ASSIGNMENT -
Return the stretch from the line with "ЕРМАК Изолента премиум класс 18мм-20м, черная" through the line with "4. Первая цель" in the data below, character for character, skipping all pictures.

RECORDS FOR THE TASK -
══════════════════════════════
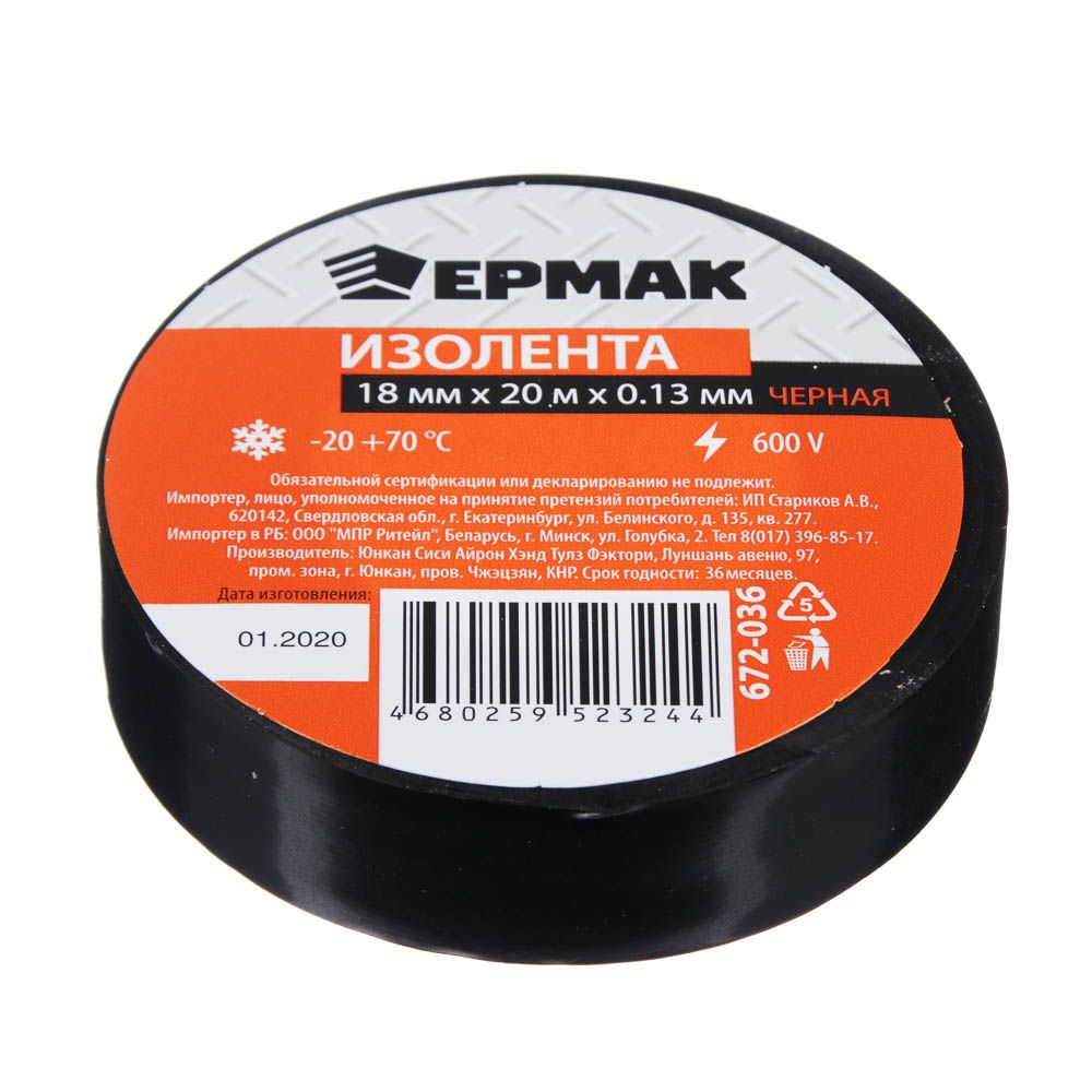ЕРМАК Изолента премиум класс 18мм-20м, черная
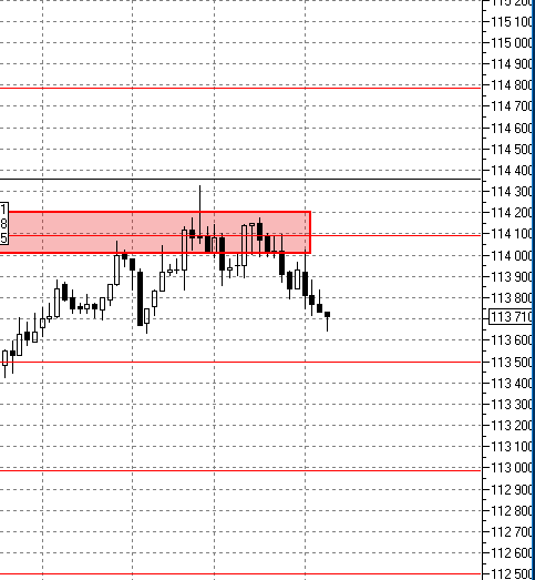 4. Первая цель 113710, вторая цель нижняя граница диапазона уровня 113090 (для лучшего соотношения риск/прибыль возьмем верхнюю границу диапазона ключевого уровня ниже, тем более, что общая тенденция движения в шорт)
══════════════════════════════
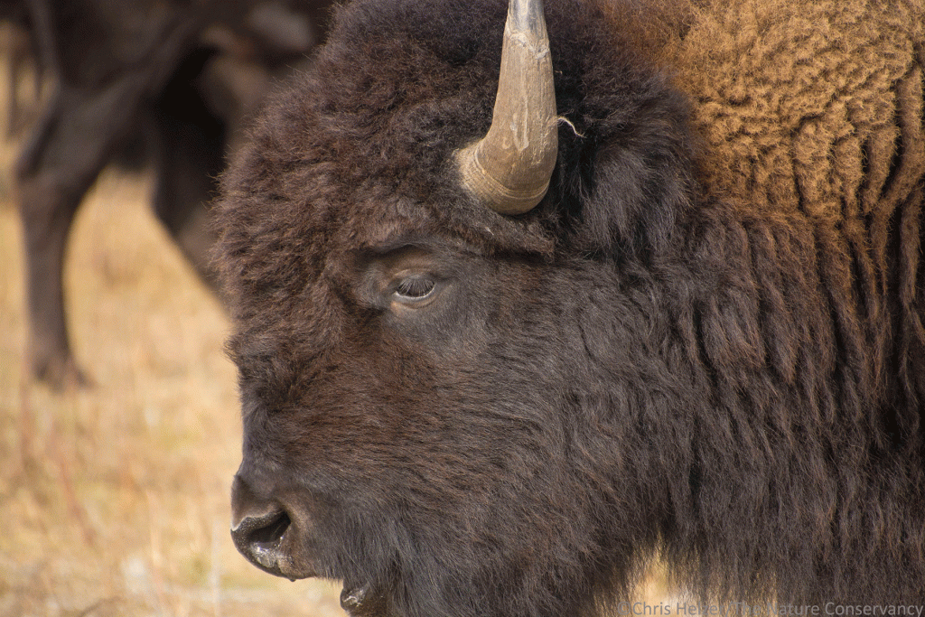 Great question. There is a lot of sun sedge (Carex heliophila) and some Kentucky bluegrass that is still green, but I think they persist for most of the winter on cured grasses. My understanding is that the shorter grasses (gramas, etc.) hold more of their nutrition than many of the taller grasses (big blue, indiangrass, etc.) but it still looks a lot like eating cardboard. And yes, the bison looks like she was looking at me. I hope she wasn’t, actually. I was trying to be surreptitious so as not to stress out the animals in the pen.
══════════════════════════════
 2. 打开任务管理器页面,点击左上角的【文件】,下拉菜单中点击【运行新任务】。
══════════════════════════════
OUTPUT FOR THIS EXERCISE -
ЕРМАК Изолента премиум класс 18мм-20м, черная
 4. Первая цель 113710, вторая цель нижняя граница диапазона уровня 113090 (для лучшего соотношения риск/прибыль возьмем верхнюю границу диапазона ключевого уровня ниже, тем более, что общая тенденция движения в шорт)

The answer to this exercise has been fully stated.